The C parameter tells the SVM optimization how much you want to avoid misclassifying each training example. For large values of C, the optimization will choose a smaller-margin hyperplane if that hyperplane does a better job of getting all the training points classified correctly. Conversely, a very small value of C will cause the optimizer to look for a larger-margin separating hyperplane, even if that hyperplane misclassifies more points.
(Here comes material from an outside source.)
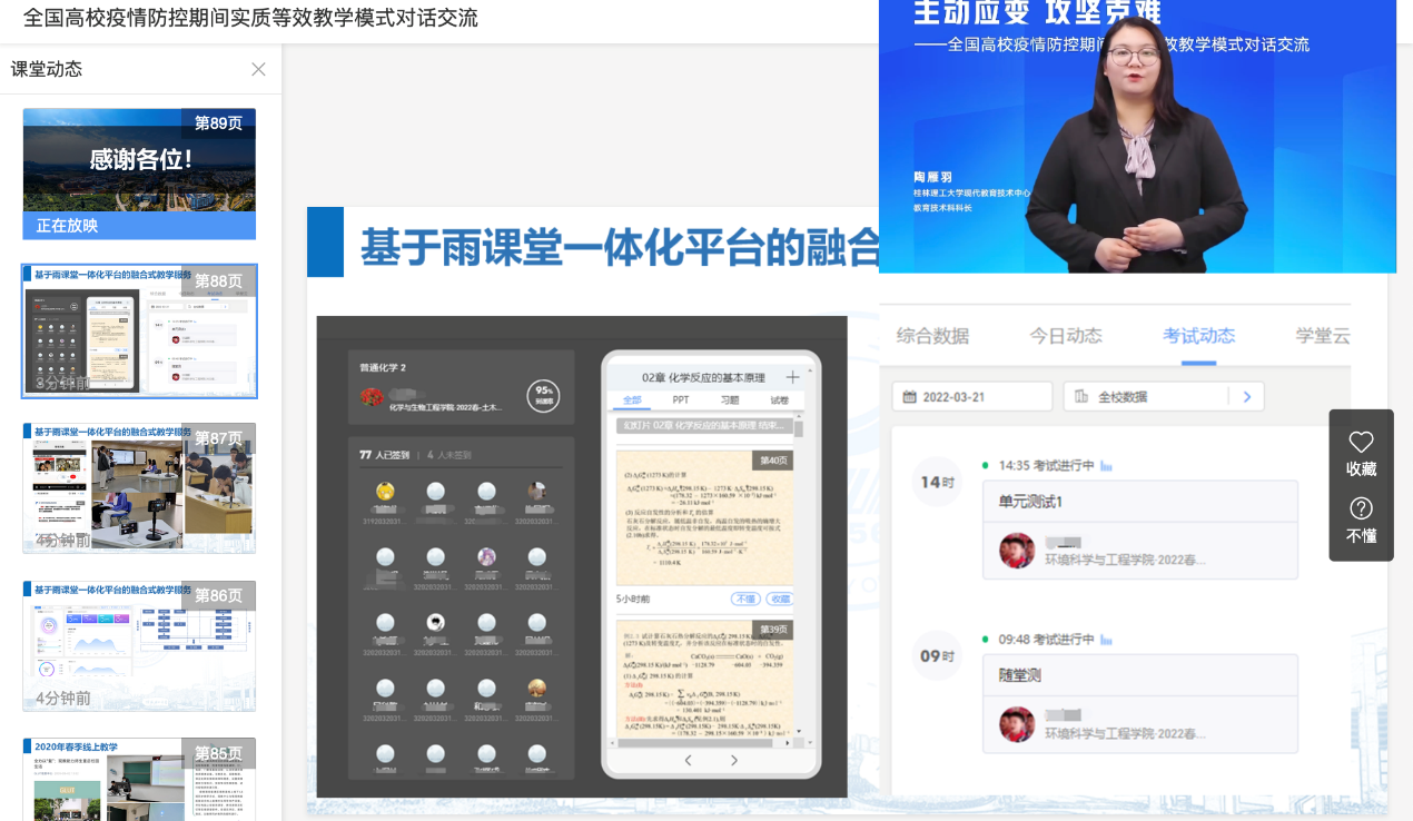 当前,正值全国高校新学期伊始,全国各地新冠肺炎疫情呈多点散发态势。为协助学校顺利实现线下授课到线上教学、线上线下融合式教学等课堂教学模式的迁移,引导广大教师积极有效开展实质等效的线上教学活动,加强全国高校间的工作交流与思想碰撞,最大限度保证疫情防控期间学校正常的教学进度和教学质量,近日,学堂在线通过雨课堂直播方式,举办了“全国高校疫情防控期间实质等效教学模式对话活动”,我校委派网络与信息中心党支部党员陶雁羽同志参加了此次活动并作主题分析。
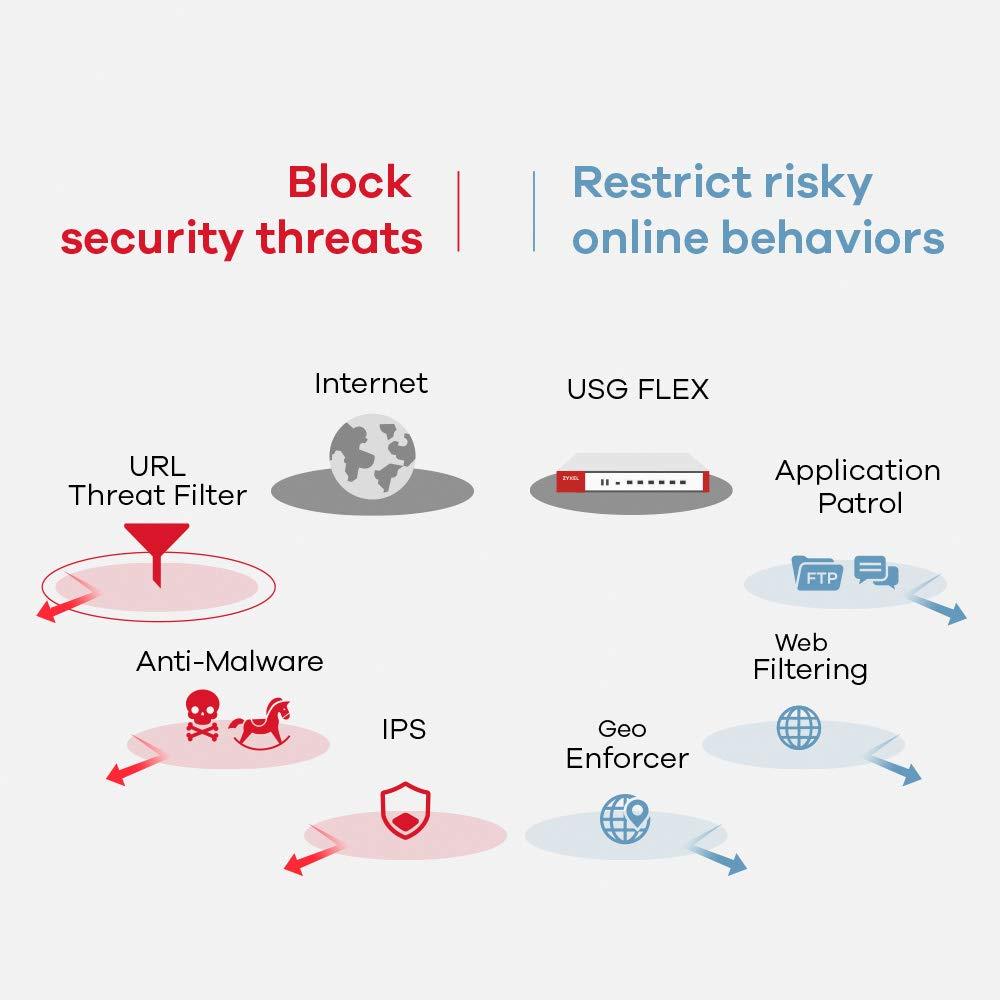 - Integrato con Zyxel Security Cloud con informazioni in scala su file e dati sulle minacce in tempo reale

Thus for a very large values we can cause overfitting of the model and for a very small value of C we can cause underfitting.Thus the value of C must be chosen in such a manner that it generalised the unseen data well

In [None]:
C_range=list(range(1,26))
acc_score=[]
for c in C_range:
    svc = SVC(kernel='linear', C=c)
    scores = cross_val_score(svc, X, y, cv=10, scoring='accuracy')
    acc_score.append(scores.mean())
print(acc_score)    

## Cross Validation Accuracy

In [None]:
import matplotlib.pyplot as plt
%matplotlib inline


C_values=list(range(1,26))
# plot the value of C for SVM (x-axis) versus the cross-validated accuracy (y-axis)
plt.plot(C_values,acc_score)
plt.xticks(np.arange(0,27,2))
plt.xlabel('Value of C for SVC')
plt.ylabel('Cross-Validated Accuracy')

### Let us look into more detail of what is the exact value of C which is giving us a good accuracy score

In [None]:

C_range=list(np.arange(0.1,6,0.1))
acc_score=[]
for c in C_range:
    svc = SVC(kernel='linear', C=c)
    scores = cross_val_score(svc, X, y, cv=10, scoring='accuracy')
    acc_score.append(scores.mean())
print(acc_score)    
    

In [None]:
import matplotlib.pyplot as plt
%matplotlib inline

C_values=list(np.arange(0.1,6,0.1))
# plot the value of C for SVM (x-axis) versus the cross-validated accuracy (y-axis)
plt.plot(C_values,acc_score)
plt.xticks(np.arange(0.0,6,0.3))
plt.xlabel('Value of C for SVC ')
plt.ylabel('Cross-Validated Accuracy')

## Taking kernel as rbf and taking different values gamma
Technically, the gamma parameter is the inverse of the standard deviation of the RBF kernel (Gaussian function), which is used as similarity measure between two points. Intuitively, a small gamma value define a Gaussian function with a large variance. In this case, two points can be considered similar even if are far from each other. In the other hand, a large gamma value means define a Gaussian function with a small variance and in this case, two points are considered similar just if they are close to each other

In [None]:
gamma_range=[0.0001,0.001,0.01,0.1,1,10,100]
acc_score=[]
for g in gamma_range:
    svc = SVC(kernel='rbf', gamma=g)
    scores = cross_val_score(svc, X, y, cv=10, scoring='accuracy')
    acc_score.append(scores.mean())
print(acc_score)  

In [None]:
import matplotlib.pyplot as plt
%matplotlib inline

gamma_range=[0.0001,0.001,0.01,0.1,1,10,100]

# plot the value of C for SVM (x-axis) versus the cross-validated accuracy (y-axis)
plt.plot(gamma_range,acc_score)
plt.xlabel('Value of gamma for SVC ')
plt.xticks(np.arange(0.0001,100,5))
plt.ylabel('Cross-Validated Accuracy')

In [None]:
import matplotlib.pyplot as plt
%matplotlib inline

gamma_range=[0.0001,0.001,0.01,0.1]

# plot the value of C for SVM (x-axis) versus the cross-validated accuracy (y-axis)
plt.plot(gamma_range,acc_score)
plt.xlabel('Value of gamma for SVC ')
plt.ylabel('Cross-Validated Accuracy')

### Taking polynomial kernel with different degree

In [None]:
degree=[2,3,4,5,6]
acc_score=[]
for d in degree:
    svc = SVC(kernel='poly', degree=d)
    scores = cross_val_score(svc, X, y, cv=10, scoring='accuracy')
    acc_score.append(scores.mean())
print(acc_score)    

In [None]:
import matplotlib.pyplot as plt
%matplotlib inline

degree=[2,3,4,5,6]

# plot the value of C for SVM (x-axis) versus the cross-validated accuracy (y-axis)
plt.plot(degree,acc_score,color='r')
plt.xlabel('degrees for SVC ')
plt.ylabel('Cross-Validated Accuracy')

## Conclusion
Amongst the  Linear ,Gaussian  and polynomial kernel, we can see that Gaussian kernel achieved a perfect 100% prediction.